Действия, предпринимаемые в этом деле, должны соответствовать нижеследующим общим указаниям:
a. Любые выступления против оккупационной германской власти следует рассматривать как проявление коммунистических происков вне зависимости от конкретных обстоятельств.
b. Для того чтобы задушить такие вылазки в зародыше, необходимо при первых же проявлениях применять самые суровые меры, с тем чтобы поддержать авторитет оккупационных сил. Кроме того, нельзя забывать, что в данных странах человеческая жизнь нередко ничего не стоит, и в целях запугивания населения мы можем проявлять совершенно необычайную жестокость…
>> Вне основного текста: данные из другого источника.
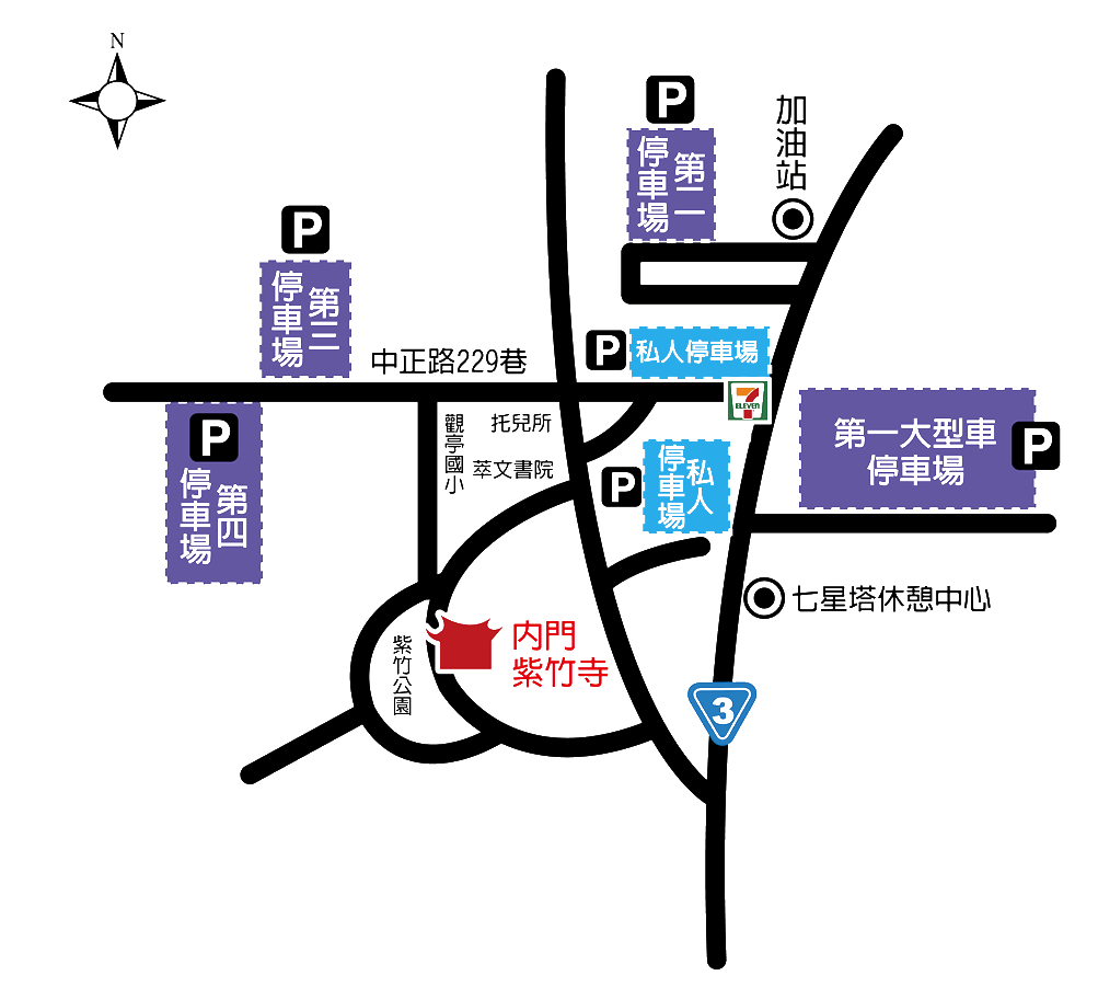 ★國道三號 → 官田系統交流道 → 北門玉井東西向快速道路(台84省道)→ 玉井區 → 台三線 → 南化區 → 內門區 → 內門紫竹寺

Командующие войсками на оккупированных территориях должны проследить, чтобы об этих принципах были поставлены в известность без промедления все военные организации, которые имеют отношение к мерам против коммунистического повстанческого движения» 376 .
Верховное командование вермахта требовало «совершенно необычайной жестокости»; действия частей по охране тыла и вправду ужасали даже некоторых немецких офицеров. Проезжая через Старую Руссу, армейский хирург Ханс Киллиан увидел зрелище, поразившее его до глубины души. «На одном из перекрестков я невольно поднимаю глаза. На балконе дома в разодранных в клочья лохмотьях болтаются тела троих повешенных. Густель тоже заметил их. Судорожно вцепившись в руль, он продолжает вести машину. Отвратительная картина преследует нас по пятам. На каждом фонарном столбе мы обнаруживаем новых повешенных, со свернутой набок головой, с выпавшим языком. На нас смотрят сине-серые лица с остекленевшими глазами, устремленными в пустоту».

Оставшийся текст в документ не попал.